- **Problem**:
Reproduce the whole listing word for word. Leave every image out.

- **Supplied material**:
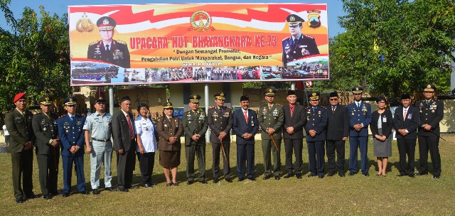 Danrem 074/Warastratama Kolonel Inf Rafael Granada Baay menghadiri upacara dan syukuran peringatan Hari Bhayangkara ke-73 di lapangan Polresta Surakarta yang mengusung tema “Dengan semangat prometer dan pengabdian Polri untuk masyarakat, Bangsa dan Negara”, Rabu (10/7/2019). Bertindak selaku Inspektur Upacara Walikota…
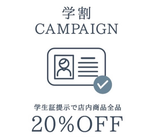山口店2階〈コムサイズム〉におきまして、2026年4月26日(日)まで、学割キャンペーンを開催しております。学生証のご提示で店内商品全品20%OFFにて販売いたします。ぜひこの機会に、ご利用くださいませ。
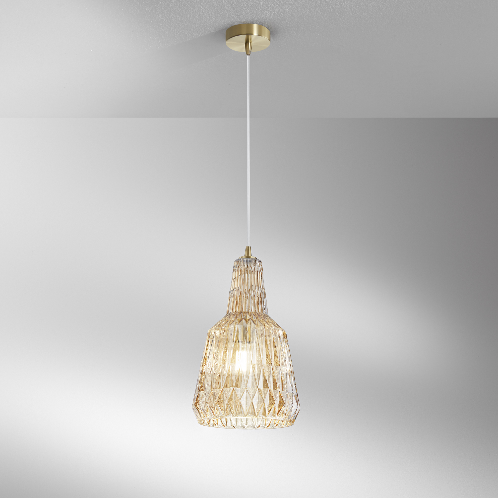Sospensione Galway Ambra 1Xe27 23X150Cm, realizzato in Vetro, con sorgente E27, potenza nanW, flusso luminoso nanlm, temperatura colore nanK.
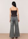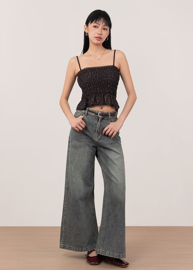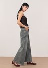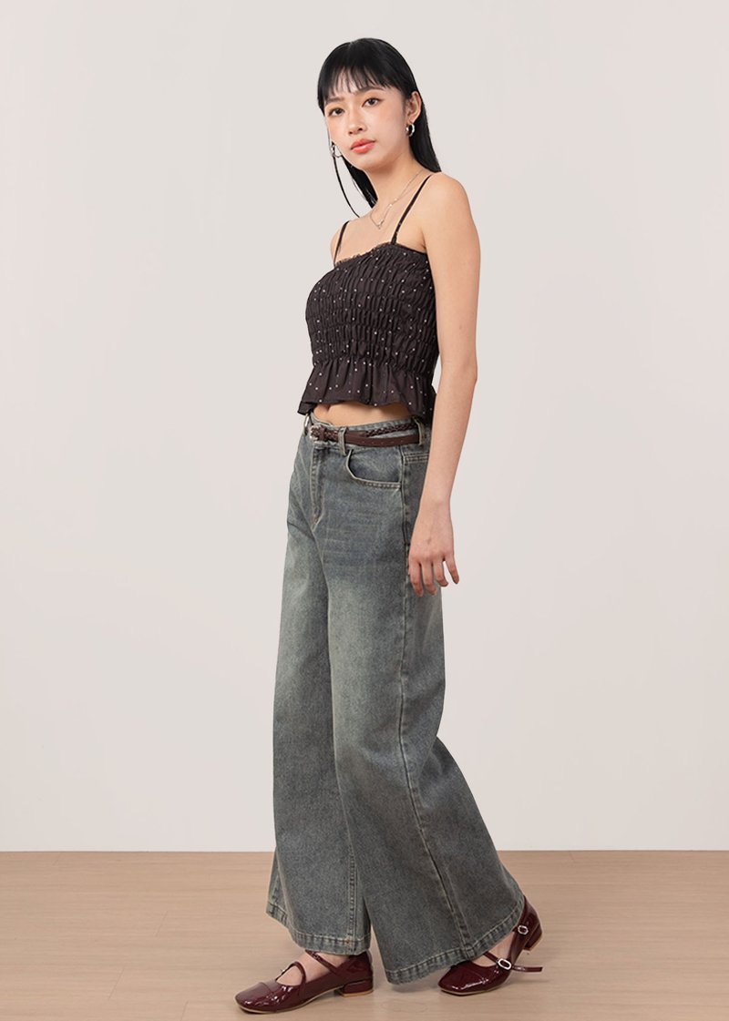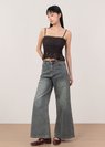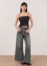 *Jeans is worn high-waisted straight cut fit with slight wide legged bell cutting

- **Response area**:
 Danrem 074/Warastratama Kolonel Inf Rafael Granada Baay menghadiri upacara dan syukuran peringatan Hari Bhayangkara ke-73 di lapangan Polresta Surakarta yang mengusung tema “Dengan semangat prometer dan pengabdian Polri untuk masyarakat, Bangsa dan Negara”, Rabu (10/7/2019). Bertindak selaku Inspektur Upacara Walikota…
山口店2階〈コムサイズム〉におきまして、2026年4月26日(日)まで、学割キャンペーンを開催しております。学生証のご提示で店内商品全品20%OFFにて販売いたします。ぜひこの機会に、ご利用くださいませ。
Sospensione Galway Ambra 1Xe27 23X150Cm, realizzato in Vetro, con sorgente E27, potenza nanW, flusso luminoso nanlm, temperatura colore nanK.
 *Jeans is worn high-waisted straight cut fit with slight wide legged bell cutting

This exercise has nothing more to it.